> DIRECTIONS FOR THIS TASK
Exact copies of the lines below are the goal; any images in them are dropped.

● ● ● ● ●

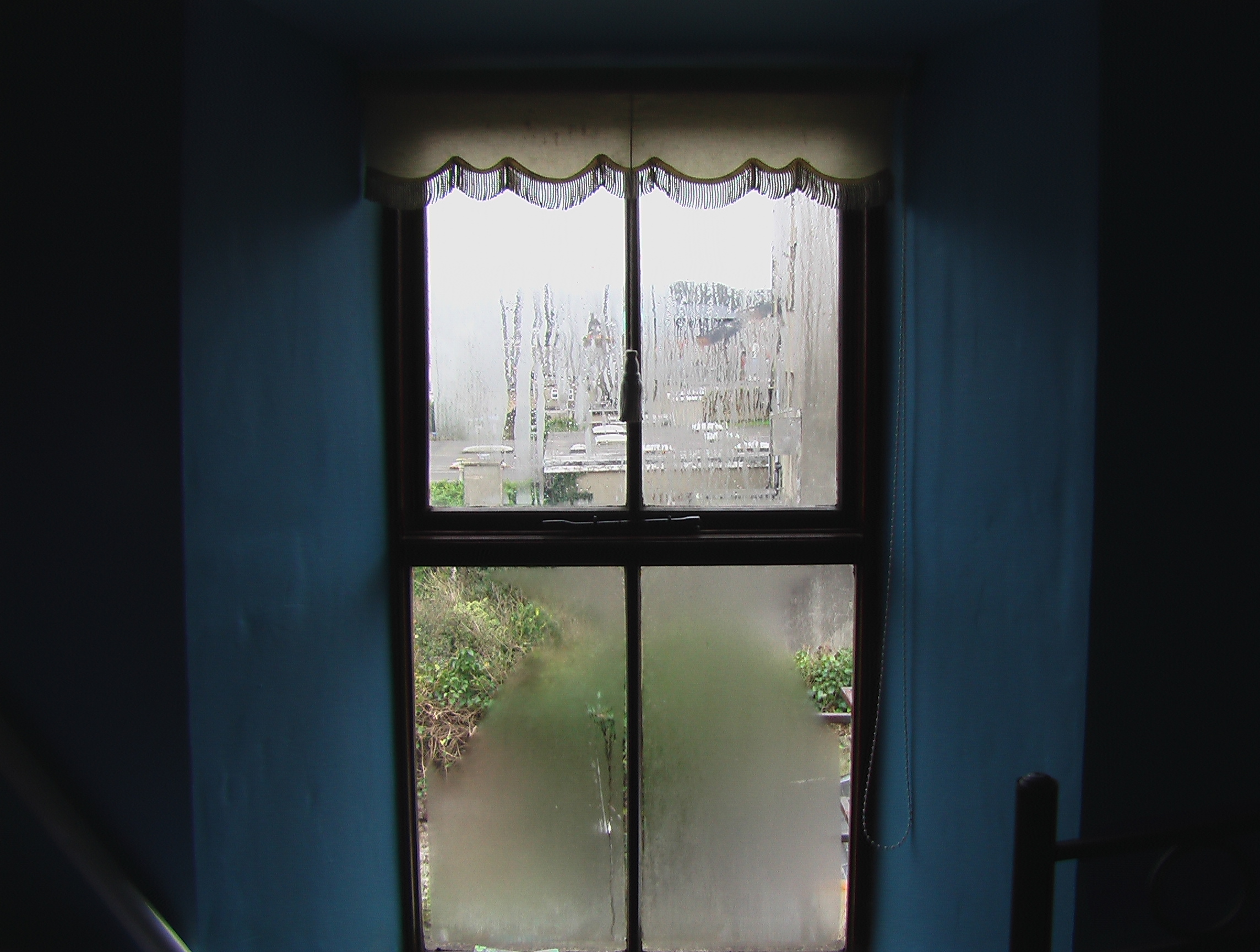 Condensation on a Window in Wexford, Ireland
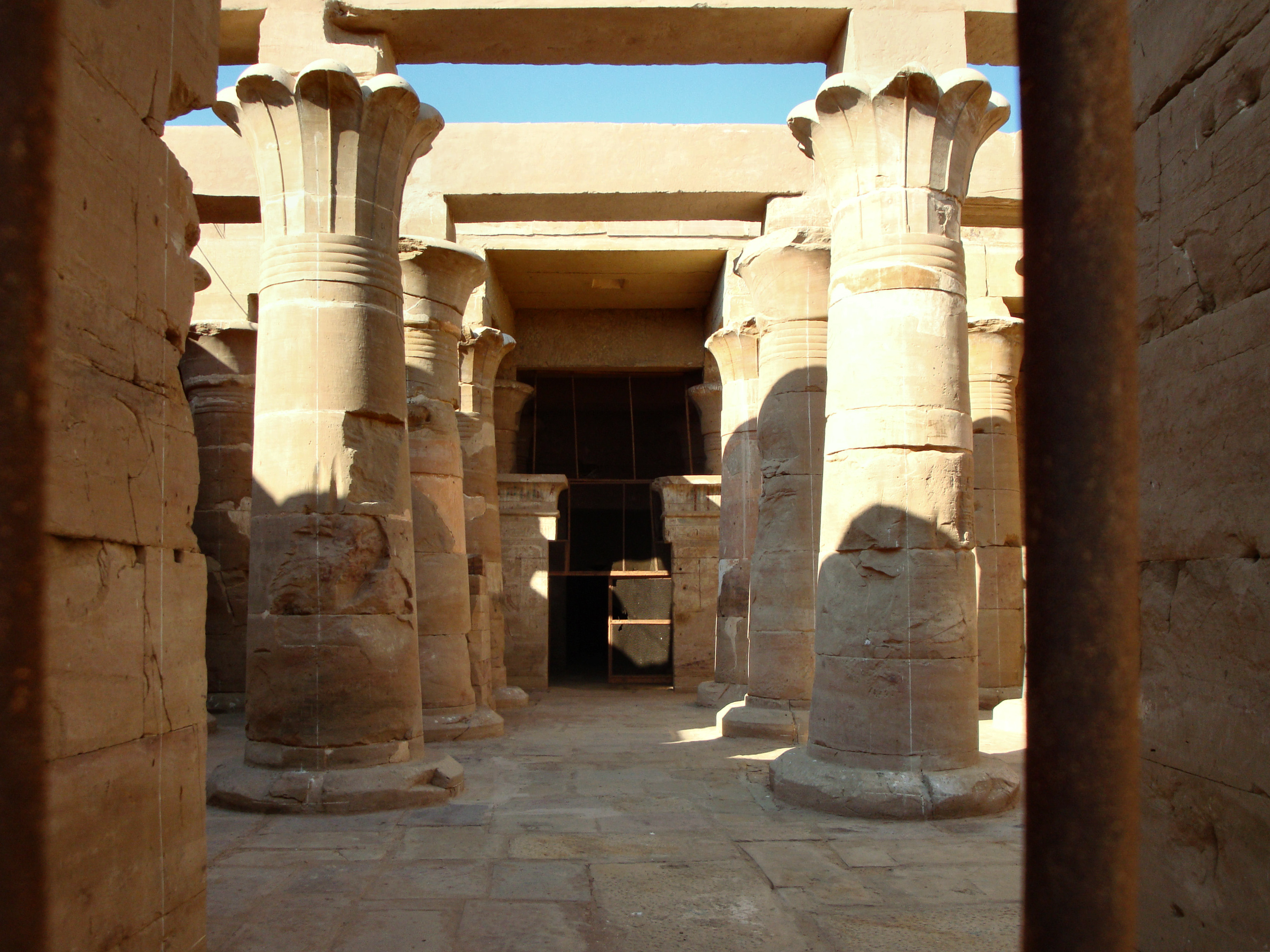 The Temple of Hibis was first founded by pharaoh Psamtik II (595-589 BC) of the 26th Saite dynasty of Egypt. It is perhaps the best preserved temple from the Late Period of Egypt and is uniquely situated at Kharga Oasis in Western Egypt. The temple was decorated by the Persian conqueror Darius I. Subsequent additions to the size of the temple were later made by the 30th dynasty kings Nectanebo I and II.
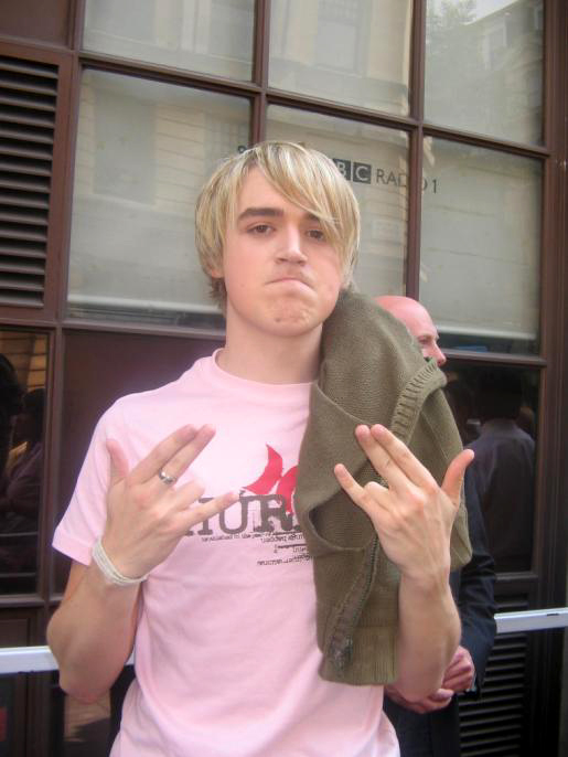 Tom Fletcher of McFly.
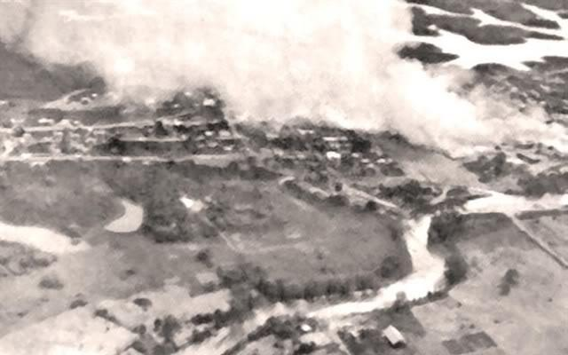 Image of war in Ecuador
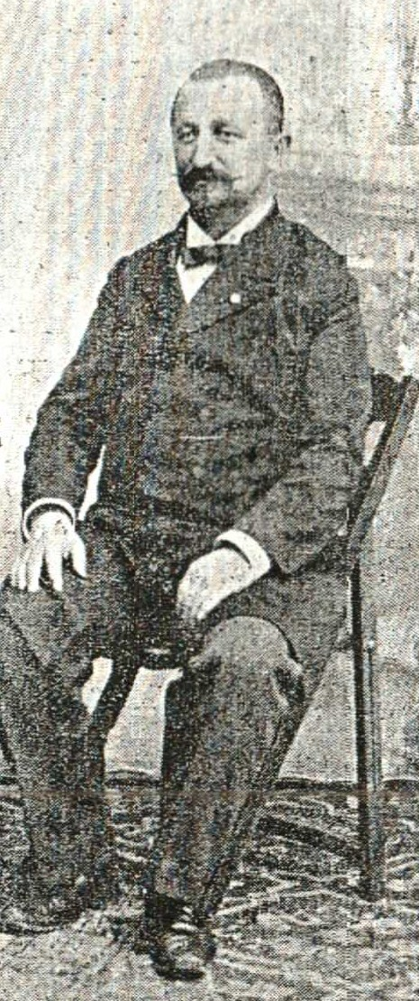 Jovan Cirkovic
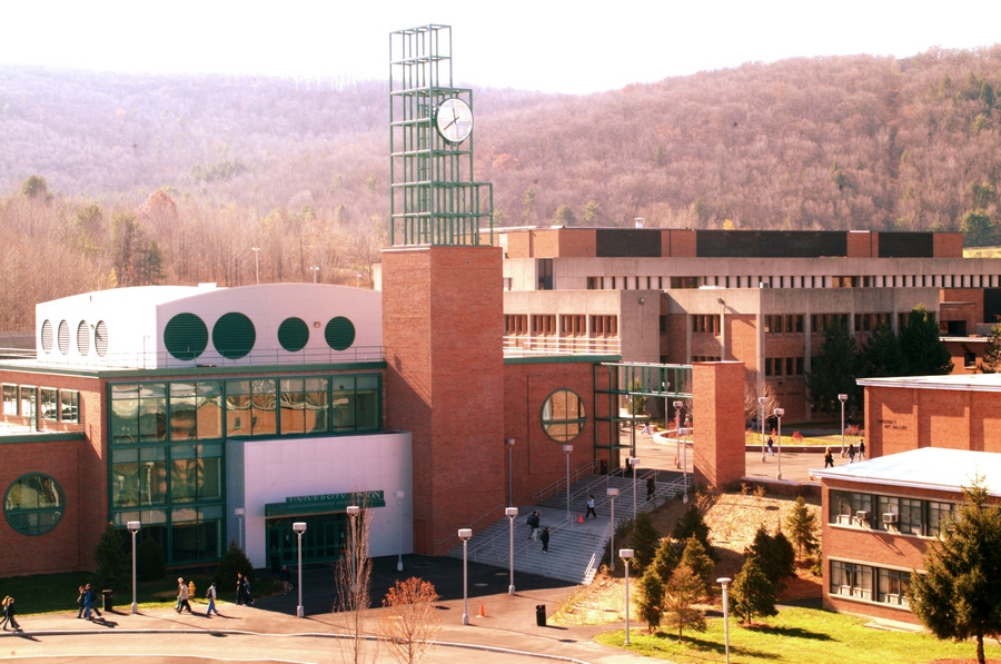 University Union at Binghamton, Clock Tower
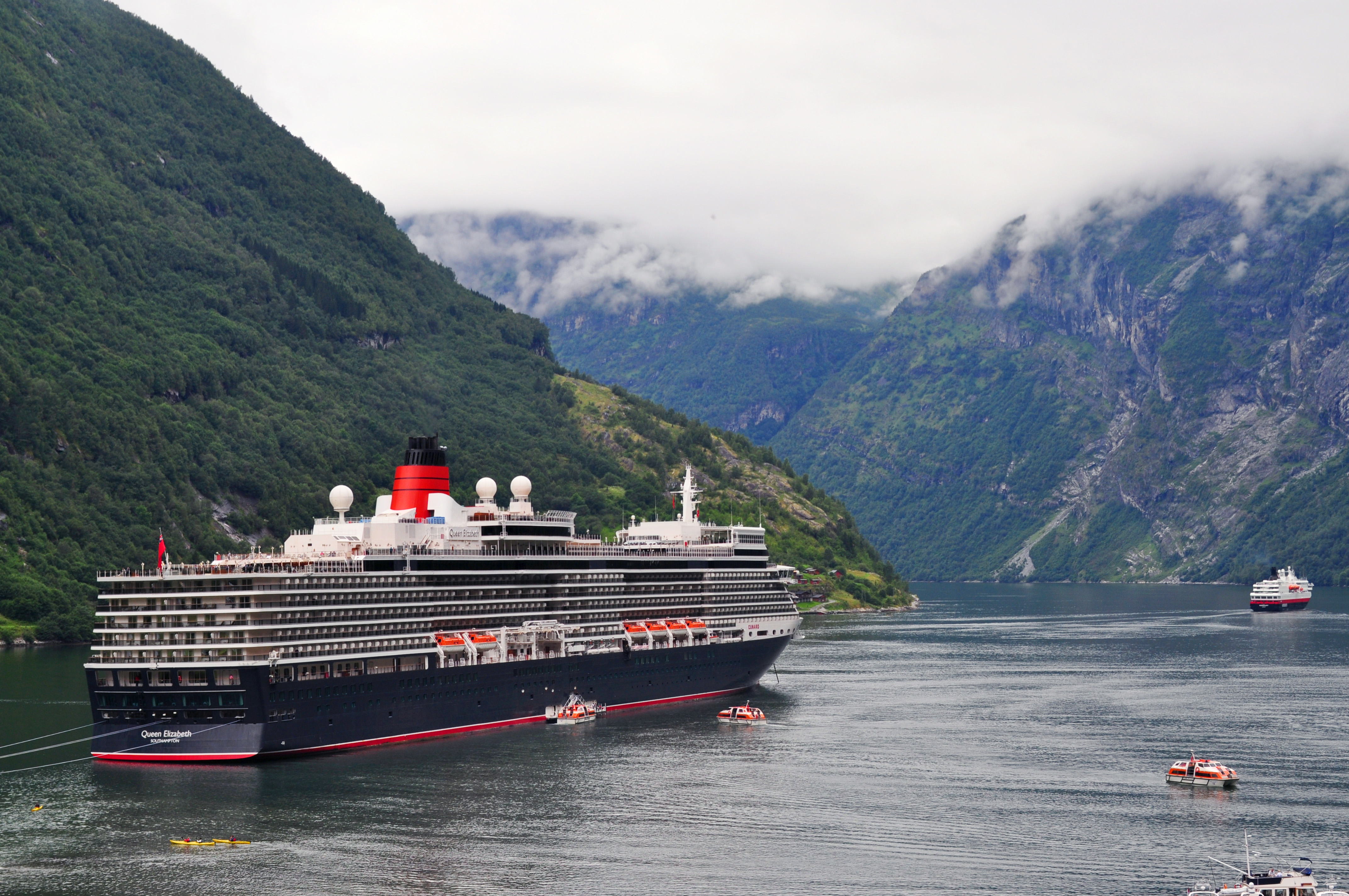 shot of Cunard's Queen Elizabeth in Geirangerfjord.

● ● ● ● ●

> SOLUTION FOR THIS TASK
 Condensation on a Window in Wexford, Ireland
 The Temple of Hibis was first founded by pharaoh Psamtik II (595-589 BC) of the 26th Saite dynasty of Egypt. It is perhaps the best preserved temple from the Late Period of Egypt and is uniquely situated at Kharga Oasis in Western Egypt. The temple was decorated by the Persian conqueror Darius I. Subsequent additions to the size of the temple were later made by the 30th dynasty kings Nectanebo I and II.
 Tom Fletcher of McFly.
 Image of war in Ecuador
 Jovan Cirkovic
 University Union at Binghamton, Clock Tower
 shot of Cunard's Queen Elizabeth in Geirangerfjord.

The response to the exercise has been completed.